PROVIDED DATA —
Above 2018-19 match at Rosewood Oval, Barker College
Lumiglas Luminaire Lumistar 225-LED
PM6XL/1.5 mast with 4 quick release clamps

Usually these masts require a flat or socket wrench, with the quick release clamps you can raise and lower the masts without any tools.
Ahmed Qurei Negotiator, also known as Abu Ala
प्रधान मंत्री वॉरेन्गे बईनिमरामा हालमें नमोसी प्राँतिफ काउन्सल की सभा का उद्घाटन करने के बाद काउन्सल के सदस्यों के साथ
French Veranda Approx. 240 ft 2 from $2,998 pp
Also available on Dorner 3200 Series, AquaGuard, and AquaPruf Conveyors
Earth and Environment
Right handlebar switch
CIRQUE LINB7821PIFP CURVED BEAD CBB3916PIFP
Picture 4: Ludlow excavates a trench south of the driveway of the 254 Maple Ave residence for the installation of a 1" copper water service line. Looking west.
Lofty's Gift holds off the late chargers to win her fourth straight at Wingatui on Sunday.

--

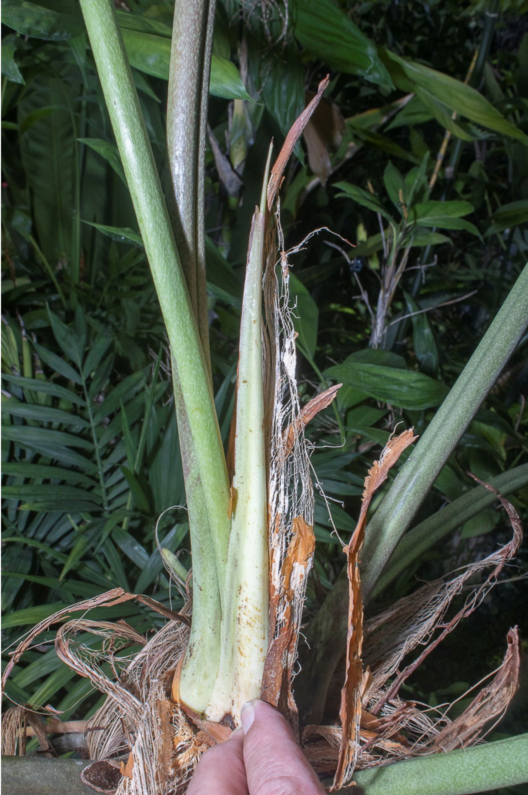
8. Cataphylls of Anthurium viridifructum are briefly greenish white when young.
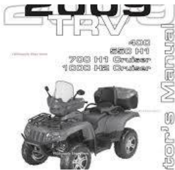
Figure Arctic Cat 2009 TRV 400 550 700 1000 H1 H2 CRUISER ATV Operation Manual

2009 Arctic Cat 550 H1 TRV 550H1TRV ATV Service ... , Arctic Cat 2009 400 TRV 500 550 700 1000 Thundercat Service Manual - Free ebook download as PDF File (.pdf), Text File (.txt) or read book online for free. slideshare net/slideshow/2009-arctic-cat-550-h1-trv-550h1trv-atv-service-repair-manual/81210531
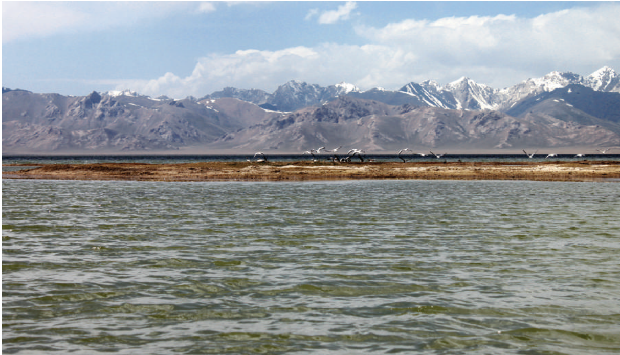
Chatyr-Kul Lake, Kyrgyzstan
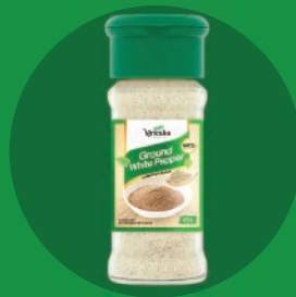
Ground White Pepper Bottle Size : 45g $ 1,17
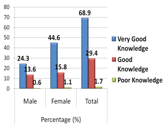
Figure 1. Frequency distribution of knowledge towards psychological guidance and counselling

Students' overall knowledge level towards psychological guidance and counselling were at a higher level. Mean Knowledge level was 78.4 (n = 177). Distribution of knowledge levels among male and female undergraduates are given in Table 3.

EXERCISE BRIEF —
Look above for the line with "French Veranda Approx." and the line with "Lofty's Gift holds", and reproduce exactly those two lines plus every line between, nothing more.

EXERCISE RESPONSE —
French Veranda Approx. 240 ft 2 from $2,998 pp
Also available on Dorner 3200 Series, AquaGuard, and AquaPruf Conveyors
Earth and Environment
Right handlebar switch
CIRQUE LINB7821PIFP CURVED BEAD CBB3916PIFP
Picture 4: Ludlow excavates a trench south of the driveway of the 254 Maple Ave residence for the installation of a 1" copper water service line. Looking west.
Lofty's Gift holds off the late chargers to win her fourth straight at Wingatui on Sunday.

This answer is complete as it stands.